Are you stressed, overweight, and health issues creeping up faster than you thought it would?
You’ve tried a hundred diets and supplement pills. You’ve tried to increase exercise. You turn to pills and drugs to keep energy up, the weight off, and anything to help you get a handle on life again. You don’t know what else to do, and the chronic daily stress weighing you down mentally, emotionally, spiritually.
Your stress levels is high because you’re permanently on a cortisol high.
When you’ve slept well, it is easier to deal anything when you wake up. Stress and unpleasant situations can wear you down even harder if you’re still fatigued after a poor night’s sleep.
But it’s not just the quality and duration of sleep that affect cortisol levels. What time you go to bed and wake up also plays a role. Research shows that people who work night shifts and sleep during the day are more likely to have elevated cortisol levels.
Shift work under the age of 40 is associated with a higher body mass index (BMI) and higher cortisol levels.
Cortisol Is More than a Stress Hormone
Cortisol is known as a hormone released in response to stress. But it plays a crucial role in regulating our sleep-wake cycle, having to work in tandem with other hormones like melatonin. It also regulates metabolism, reducing inflammation, and controlling blood sugar levels.
Cortisol can be elevated due to lack of sleep, especially in the evening after a lack of sleep. The hypothalamic-pituitary-adrenal system is responsible for producing cortisol.
When a threat to the body appears, the hypothalamus, a part of your brain, synthesizes special substances that are sent to the pituitary epididymis. That in turns turn, sends a signal to the adrenal glands. In response, the adrenal cortex releases cortisol, some of which again enters the brain, affecting the thinking process. This relationship between the brain and the kidneys is called the hypothalamic-pituitary-adrenal axis, or the HPA for short.
The hypothalamic-pituitary-adrenal axis is also responsible for regulating sleep cycles. Stress, illness, or poor nutrition can activate the axis. Subsequently, this can worsen your sleep and increase cortisol.
If You’re Sleeping Late, You’re Living a like a Shift-Worker
The thing is, you’re living like a shift-worker even if you think leading a normal day-night lifestyle. You’re ruining your HPA response just by staying up late, and creating a wired-up stress response for yourself the next day.
If you keep the night owl life, you’re creating a higher stress level than you actually could have.
How can you change your nighttime habits to actually get to sleep earlier?
Sleep hygiene is one of the deciding factors in its quality. Try to create an environment in which the amount of noise and light is minimal. This will help blackout curtains, eye masks, earplugs.
Tips to Help You Fall Asleep Earlier if You Want to Calm Your Cortisol Levels:
Go to bed and wake up at the same time.
Keep consistent. You’re trying to reset hormones and keep a more productive, calm balance of hormones, rather than live in hormonal hell.
Sleep hygiene is one of the deciding factors in its quality.
Create an environment in which the amount of noise and light is minimal. This will help blackout curtains, eye masks, earplugs.
Wash bedding and sleepwear regularly.
Fresh clean laundry helps the body to relax.
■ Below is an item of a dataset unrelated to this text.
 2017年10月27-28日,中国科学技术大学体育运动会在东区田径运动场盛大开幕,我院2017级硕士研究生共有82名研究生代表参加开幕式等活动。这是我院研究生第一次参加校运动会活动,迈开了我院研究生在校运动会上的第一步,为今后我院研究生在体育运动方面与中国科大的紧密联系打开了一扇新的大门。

Anything that helps you relax is a friend. Keep it non-toxic.
Put away devices that emit blue light (TV, phone, tablet) 2-3 hours before bed.
Blue light jacks up cortisol.
Avoid caffeinated drinks in the afternoon.
Caffeine’s half-life, is anywhere from 2 to 12 hours, depending on your body.
Avoid excessive strength and cardio activities two hours before bed.
Avoid anything overly mentalling stimulating before bed. This means cutting out most news because they’re primed to grab attention and proke a reaction.
Try a grounding sheet.
In this study, researchers found grounding the human body to earth (“earthing”) during sleep reduced cortisol levels at night and even re-synced cortisol levels with the natural 24-hour circadian rhythm profile.